Stefano Giaccari from Padova will give a (remote) talk based on his recent paper "Topological defects in K3 sigma models" (arXiV: 2402.08719, with R. Angius and R. Volpato).

"In the context of physics, given a K3 surface, a supersymmetric non-linear K3 sigma model is the internal superconformal field theory (SCFT) in a six dimensional compactification of type IIA superstring on R^{1,5} X K3. Studying these models, Eguchi, Ooguri and Tachikawa in [arXiv:1004.0956 [hep-th]] found Mathieu moonshine phenomena for the elliptic genera of K3 surfaces. In [arXiv:1106.4315 [hep-th]], Gaberdiel, Hohenegger and Volpato studied symmetries of K3 sigma models, by comparing the isometry group of the Mukai lattice (which is physically interpreted as the D-brane charge lattice) with the Conway group Co_0, the group of automorphisms of the Leech lattice. Recently, symmetries have been reinterpreted in terms of topological operators supported on codimension 1 submanifolds with group-like and invertible fusion rules. This has naturally led to the notion of generalized symmetries as categories of topological defects supported on arbitrary codimension submanifolds with possibly non-invertible fusion rules.

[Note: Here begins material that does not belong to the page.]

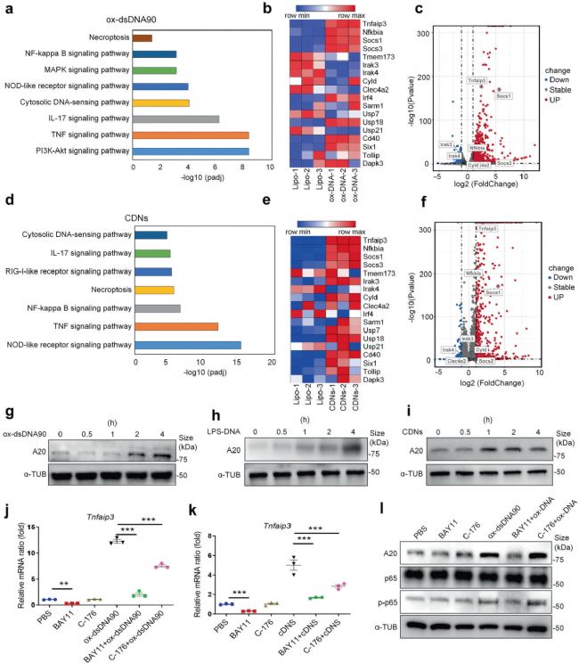 為了尋找能夠限制氧化自身DNA引起的過度炎癥的分子,研究人員使用了A20flox/flox小鼠模型(由賽業(yè)生物提供)構(gòu)建了A20myel-KO小鼠,并對用氧化dsDNA90處理的BMDMs進行了RNA測序。KEGG通路分析顯示,氧化DNA處理組中細胞質(zhì)DNA傳感通路、NOD樣受體信號通路和NF-κB信號通路被高度富集。進一步研究發(fā)現(xiàn),氧化DNA刺激導(dǎo)致Tnfaip3(編碼A20)的表達顯著上調(diào)。此外,用cyclic dinucleotides (CDNs)刺激BMDMs也觀察到Tnfaip3的顯著上調(diào),并且KEGG通路分析也顯示CDNs處理組中NOD樣受體信號通路和NF-κB信號通路被高度富集。同時,A20myel-KO小鼠的巨噬細胞對氧化自DNA刺激更敏感,STING信號通路相關(guān)蛋白的表達水平升高。這些數(shù)據(jù)表明,STING信號通路和NLRP3炎癥小體之間可能存在潛在的關(guān)聯(lián);谝陨贤茢,研究人員發(fā)現(xiàn)A20的表達水平隨時間增加,并且A20的表達增加與NF-κB或STING信號通路的激活有關(guān),它可以保護腎臟免受炎癥和組織損傷。
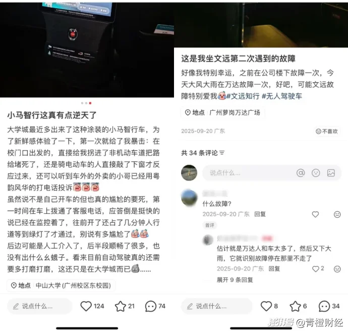 在社交平台上,关于Robotaxi的吐槽并不鲜见,有的用户遭遇车辆突发故障;有的Robotaxi突然驶入非机动车道,还有的在行驶过程中出现碰撞……

In [arXiv:2402.08719 [hep-th]] we apply the same strategy as in  [arXiv:1106.4315 [hep-th]] to derive a number of general results for the category of the topological defect lines preserving N=(4,4) superconformal algebra and spectral flow, studying their fusion with boundary states. We argue that while for certain K3 models infinitely many simple defects, and even a continuum, can occur, at generic points in the moduli space the category is actually trivial, i.e. it is generated by the identity defect. Furthermore, we show that if a K3 model is at the attractor point for some BPS configuration of D-branes, then all topological defects have integral quantum dimension. We also conjecture that a continuum of topological defects arises if and only if the K3 model is a (possibly generalized) orbifold of a torus model. These general results are confirmed by the analysis of a couple of significant examples."